Methods:In this paper, we have proposed a novel model of layer attention graph convolutional network for microbe-drug association prediction. First, multiple biological data have been integrated into a heterogeneous network. Then, the heterogeneous network has been incorporated into a graph convolutional network to determine the embedded microbe and drug. Finally, the microbe-drug association scores have been obtained by decoding the embedding of microbe and drug based on the layer attention mechanism.
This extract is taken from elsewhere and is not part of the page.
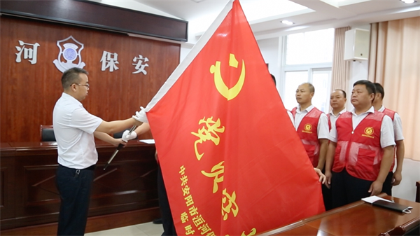 會(huì)上,公司黨委副書記、監(jiān)事長張錫軍宣讀關(guān)于成立臨時(shí)黨支部的決定。下沉干部臨時(shí)黨支部書記馮文峰作表態(tài)發(fā)言,表示要發(fā)揚(yáng)臨時(shí)黨支部戰(zhàn)斗堡壘作用,發(fā)揮黨員先鋒模范作用,堅(jiān)決完成黨委交給的任務(wù)。接著,王高峰為下沉干部臨時(shí)黨支部授旗。全體下沉干部對(duì)著鮮艷的黨旗莊嚴(yán)宣誓:我志愿加入黨員突擊隊(duì),堅(jiān)決做到服從命令、聽從指揮,排除萬難、不怕犧牲,齊心協(xié)力,勇克難關(guān),為洹河保安爭光添彩。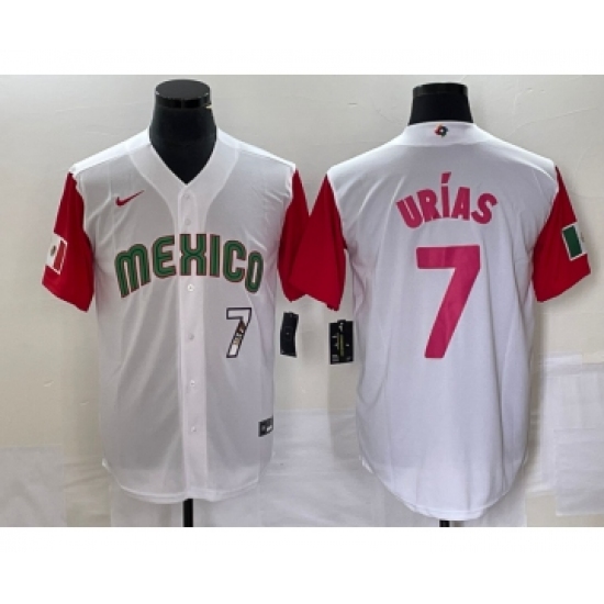 Men's Mexico Baseball #7 Julio Urias Number 2023 White Red World Classic Stitched Jersey 38

Results:To evaluate the performance of our proposed model, leave-one-out crossvalidation (LOOCV) and 5-fold cross-validation have been implemented on the two datasets of aBiofilm and MDAD. As a result, based on the aBiofilm dataset, our proposed model has attained areas under the curve (AUC) of 0.9178 and 0.9022 on global LOOCV and local LOOCV, respectively. Based on aBiofilm dataset, the proposed model has attained an AUC value of 0.9018 and 0.8902 on global LOOCV and local LOOCV, respectively. In addition, the average AUC and standard deviation of the proposed model for 5- fold cross-validation on the aBiofilm and MDAD datasets were 0.9141±6.8556e-04 and 0.8982±7.5868e-04, respectively. Also, two kinds of case studies have been further conducted to evaluate the proposed models.

Conclusion:Traditional methods for microbe-drug association prediction are timeconsuming and laborious. Therefore, the computational model proposed was used to predict new microbe-drug associations. Several evaluation results have shown the proposed model to achieve satisfactory results and that it can play a role in drug development and precision medicine.